→ Work item: Skip any image you find and restate the rest of the data word for word.

→ Recorded information:

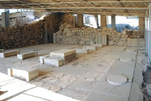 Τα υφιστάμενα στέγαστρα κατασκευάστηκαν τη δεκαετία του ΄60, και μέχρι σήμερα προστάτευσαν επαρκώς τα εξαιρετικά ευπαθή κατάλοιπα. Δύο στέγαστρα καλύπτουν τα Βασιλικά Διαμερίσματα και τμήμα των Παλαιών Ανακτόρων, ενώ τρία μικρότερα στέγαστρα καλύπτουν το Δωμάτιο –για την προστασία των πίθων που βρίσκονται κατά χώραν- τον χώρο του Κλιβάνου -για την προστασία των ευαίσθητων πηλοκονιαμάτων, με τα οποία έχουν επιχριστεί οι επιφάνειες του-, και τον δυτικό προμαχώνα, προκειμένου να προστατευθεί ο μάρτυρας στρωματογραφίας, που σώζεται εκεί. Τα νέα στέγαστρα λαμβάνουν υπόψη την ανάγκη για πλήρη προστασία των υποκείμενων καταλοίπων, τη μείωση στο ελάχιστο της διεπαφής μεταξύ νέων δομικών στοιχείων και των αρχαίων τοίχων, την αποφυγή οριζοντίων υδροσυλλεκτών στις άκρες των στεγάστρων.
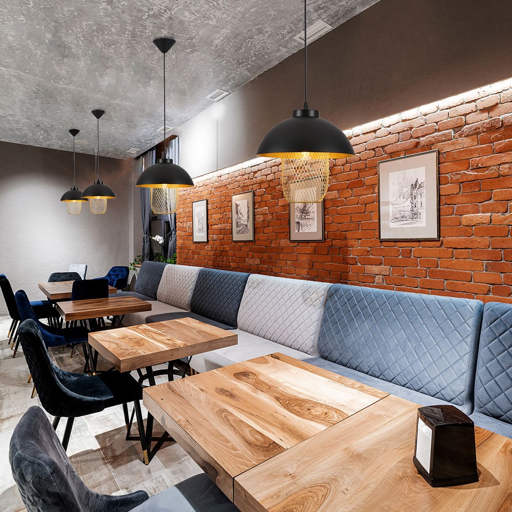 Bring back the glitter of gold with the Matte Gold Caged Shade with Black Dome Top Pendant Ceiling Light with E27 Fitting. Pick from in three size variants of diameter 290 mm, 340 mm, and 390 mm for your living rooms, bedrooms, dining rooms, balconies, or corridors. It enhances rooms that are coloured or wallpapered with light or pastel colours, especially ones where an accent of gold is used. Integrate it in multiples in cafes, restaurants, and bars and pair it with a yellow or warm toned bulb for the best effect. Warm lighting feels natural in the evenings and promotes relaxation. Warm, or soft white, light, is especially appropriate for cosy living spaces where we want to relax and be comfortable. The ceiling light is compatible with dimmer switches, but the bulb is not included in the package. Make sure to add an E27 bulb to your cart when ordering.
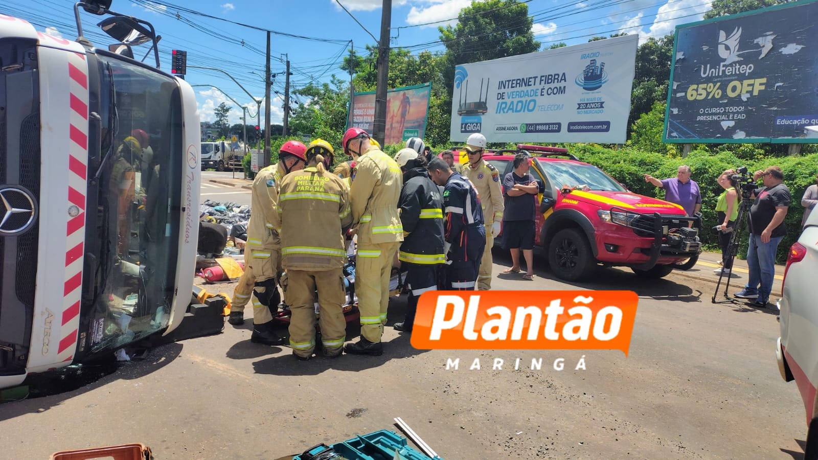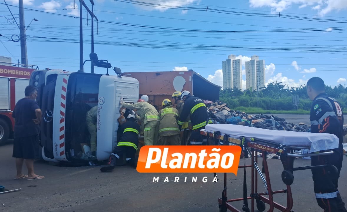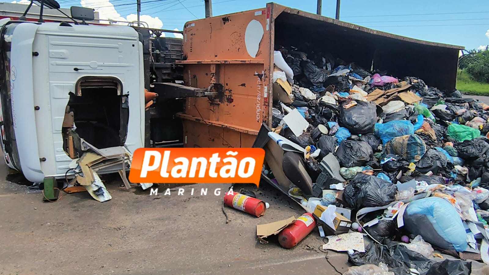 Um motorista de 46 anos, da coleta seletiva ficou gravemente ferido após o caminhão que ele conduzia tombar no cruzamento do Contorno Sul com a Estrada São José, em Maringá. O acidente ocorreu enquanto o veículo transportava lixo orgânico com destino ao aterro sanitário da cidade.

→ Task result:
 Τα υφιστάμενα στέγαστρα κατασκευάστηκαν τη δεκαετία του ΄60, και μέχρι σήμερα προστάτευσαν επαρκώς τα εξαιρετικά ευπαθή κατάλοιπα. Δύο στέγαστρα καλύπτουν τα Βασιλικά Διαμερίσματα και τμήμα των Παλαιών Ανακτόρων, ενώ τρία μικρότερα στέγαστρα καλύπτουν το Δωμάτιο –για την προστασία των πίθων που βρίσκονται κατά χώραν- τον χώρο του Κλιβάνου -για την προστασία των ευαίσθητων πηλοκονιαμάτων, με τα οποία έχουν επιχριστεί οι επιφάνειες του-, και τον δυτικό προμαχώνα, προκειμένου να προστατευθεί ο μάρτυρας στρωματογραφίας, που σώζεται εκεί. Τα νέα στέγαστρα λαμβάνουν υπόψη την ανάγκη για πλήρη προστασία των υποκείμενων καταλοίπων, τη μείωση στο ελάχιστο της διεπαφής μεταξύ νέων δομικών στοιχείων και των αρχαίων τοίχων, την αποφυγή οριζοντίων υδροσυλλεκτών στις άκρες των στεγάστρων.
 Bring back the glitter of gold with the Matte Gold Caged Shade with Black Dome Top Pendant Ceiling Light with E27 Fitting. Pick from in three size variants of diameter 290 mm, 340 mm, and 390 mm for your living rooms, bedrooms, dining rooms, balconies, or corridors. It enhances rooms that are coloured or wallpapered with light or pastel colours, especially ones where an accent of gold is used. Integrate it in multiples in cafes, restaurants, and bars and pair it with a yellow or warm toned bulb for the best effect. Warm lighting feels natural in the evenings and promotes relaxation. Warm, or soft white, light, is especially appropriate for cosy living spaces where we want to relax and be comfortable. The ceiling light is compatible with dimmer switches, but the bulb is not included in the package. Make sure to add an E27 bulb to your cart when ordering.
 Um motorista de 46 anos, da coleta seletiva ficou gravemente ferido após o caminhão que ele conduzia tombar no cruzamento do Contorno Sul com a Estrada São José, em Maringá. O acidente ocorreu enquanto o veículo transportava lixo orgânico com destino ao aterro sanitário da cidade.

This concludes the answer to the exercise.